• [Listed records]
········

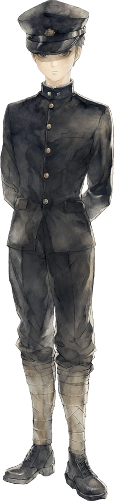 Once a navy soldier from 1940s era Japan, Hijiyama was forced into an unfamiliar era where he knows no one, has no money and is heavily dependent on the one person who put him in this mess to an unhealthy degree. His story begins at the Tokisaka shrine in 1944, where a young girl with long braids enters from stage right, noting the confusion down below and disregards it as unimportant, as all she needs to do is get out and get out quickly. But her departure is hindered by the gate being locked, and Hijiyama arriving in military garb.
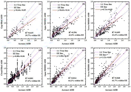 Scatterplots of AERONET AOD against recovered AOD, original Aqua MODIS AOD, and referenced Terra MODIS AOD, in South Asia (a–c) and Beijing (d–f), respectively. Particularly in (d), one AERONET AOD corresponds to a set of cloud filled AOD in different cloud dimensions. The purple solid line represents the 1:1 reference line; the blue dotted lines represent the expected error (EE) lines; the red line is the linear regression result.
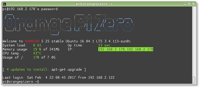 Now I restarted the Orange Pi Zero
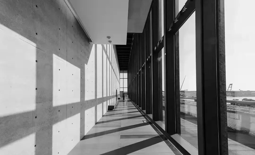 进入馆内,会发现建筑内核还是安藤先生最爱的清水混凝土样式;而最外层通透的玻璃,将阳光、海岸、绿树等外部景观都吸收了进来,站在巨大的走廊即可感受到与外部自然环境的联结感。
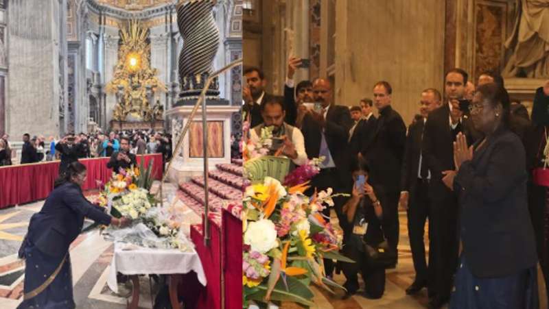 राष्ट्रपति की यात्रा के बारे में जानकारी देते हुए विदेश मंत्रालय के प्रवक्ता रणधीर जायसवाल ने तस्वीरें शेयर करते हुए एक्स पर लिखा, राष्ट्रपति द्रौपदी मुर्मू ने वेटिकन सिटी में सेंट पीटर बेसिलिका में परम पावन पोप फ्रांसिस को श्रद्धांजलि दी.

········

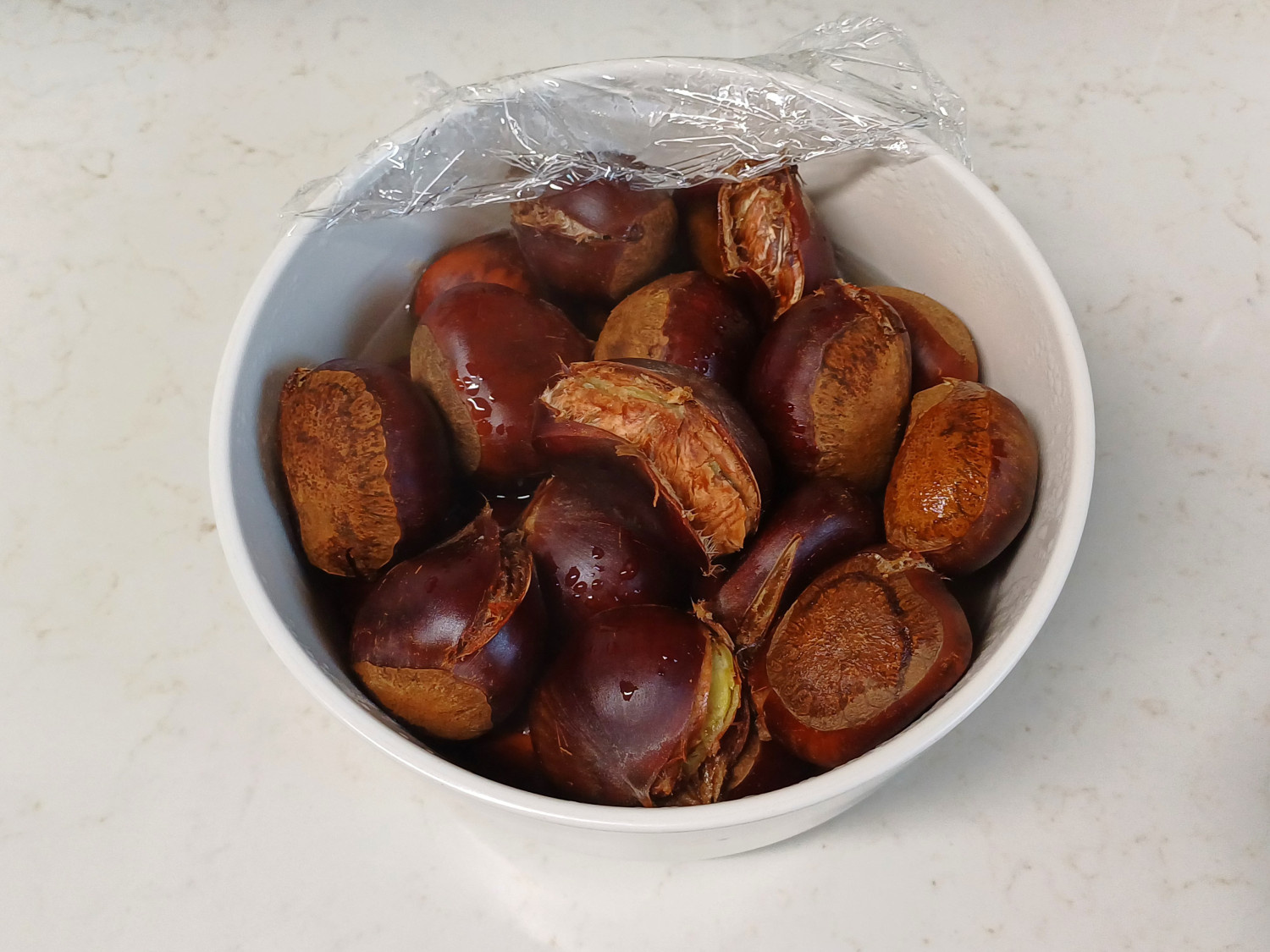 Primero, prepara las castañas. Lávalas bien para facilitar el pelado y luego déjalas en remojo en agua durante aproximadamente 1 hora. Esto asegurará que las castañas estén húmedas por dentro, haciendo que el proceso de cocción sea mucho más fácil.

········

• [Work task]
Exactly the lines above from the one that contains "进入馆内,会发现建筑内核还是" down to the one that contains "राष्ट्रपति की यात्रा" are to be output, both ends kept and pictures omitted.

• [Completed task]
 进入馆内,会发现建筑内核还是安藤先生最爱的清水混凝土样式;而最外层通透的玻璃,将阳光、海岸、绿树等外部景观都吸收了进来,站在巨大的走廊即可感受到与外部自然环境的联结感。
 राष्ट्रपति की यात्रा के बारे में जानकारी देते हुए विदेश मंत्रालय के प्रवक्ता रणधीर जायसवाल ने तस्वीरें शेयर करते हुए एक्स पर लिखा, राष्ट्रपति द्रौपदी मुर्मू ने वेटिकन सिटी में सेंट पीटर बेसिलिका में परम पावन पोप फ्रांसिस को श्रद्धांजलि दी.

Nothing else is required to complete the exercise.